From New York Times:

A week before Americans tune in to the Super Bowl, another televised mega-event will kick off on the other side of the globe. On Sunday more than half a billion people here are expected to watch the annual Chinese Lunar New Year gala. Organized by the state-owned China Central Television, the marathon event showcases the country’s musical diversity with an extensive lineup of Chinese pop stars performing hit songs. But one genre audiences are unlikely to see is Chinese hip-hop, despite its growing popularity among the country’s urban youth.

Over the last decade many students and working-class Chinese have been writing rap as a form of self-expression. Rougher and more rebellious than the well-scrubbed pop that floods the airwaves here, this kind of hip-hop is not sanctioned by broadcast media producers or state censors but has managed to attract a grass-roots fan base.

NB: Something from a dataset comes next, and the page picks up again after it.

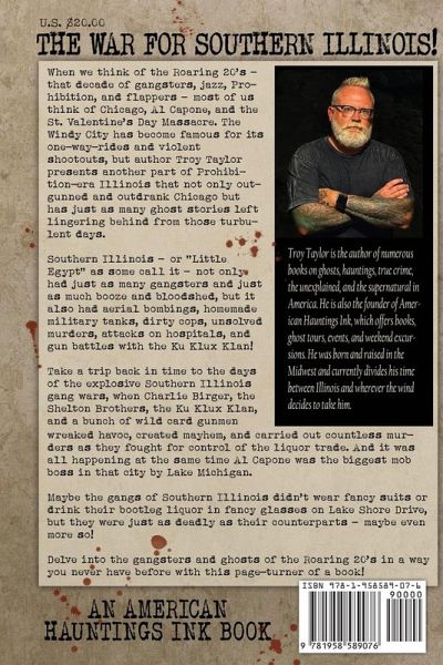 BLOOD, BULLETS AND BOOZE GHOSTS AND GANGSTERS OF SOUTHERN ILLINOIS When we think of the Roaring 20's - that decade of gangsters, jazz, Prohibition, and flappers - most of us think of Chicago, Al Capone, and the St. Valentine's Day Massacre. The Windy City has become famous for its one-way-rides and violent shootouts, but author Troy Taylor presents another part of Prohibition-era Illinois that not only outgunned and outdrank Chicago but has just as many ghost stories left lingering behind from those turbulent days. Southern Illinois - or "Little Egypt" as some call it - not only had just as many gangsters and just as much booze and bloodshed, but it also had aerial bombings, homemade military tanks, dirty cops, unsolved murders, attacks on hospitals, and gun battles with the Ku Klux Klan! Take a trip back in time to the days of the explosive Southern Illinois gang wars, when Charlie Birger, the Shelton Brothers, the Ku Klux Klan, and a bunch of wild card gunmen wreaked havoc, created mayhem, and carried out countless murders as they fought for control of the liquor trade. And it was all happening at the same time Al Capone was the biggest mob boss in that city by Lake Michigan. Maybe the gangs of Southern Illinois didn't wear fancy suits or drink their bootleg liquor in fancy glasses on Lake Shore Drive, but they were just as deadly as their counterparts - maybe even more so! Delve into the gangsters and ghosts of the Roaring 20's in a way you never have before with this page-turner of a book!

“Hip-hop is free, like rock ’n’ roll — we can talk about our lives, what we’re thinking about, what we feel,” said Wang Liang, 25, a popular hip-hop D.J. in China who is known as Wordy. “The Chinese education system doesn’t encourage you to express your own character. They feed you stale rules developed from books passed down over thousands of years. There’s not much opportunity for personal expression or thought; difference is discouraged.”

[Update]

NPR also ran a story on Chinese hip hop in December 2007.

Ping Ke says that 20 years ago, when he was listening to rock music, the government wouldn’t allow it on the radio. He says that back then, the government tried to control the airwaves for propaganda, but now “it’s because of commercial reasons. For example, I have to do this and that just because my program has a sponsor.”

One person trying to nurture Chinese hip-hop is DJ V-Nutz — also known as Gary Wang, a Chinese DJ who recently opened The Lab, a nonprofit music studio meant to help Shanghai develop its own hip-hop style. Wang says he thinks the Shanghai hip-hop scene still has a ways to go.

“I would say we don’t have a Chinese style yet,” Wang says. “If you really want me to say, what is Chinese style, I would say it’s young, local kids really enjoy Western things right now. Then maybe after 10 or 15 years, maybe they can have their own style.”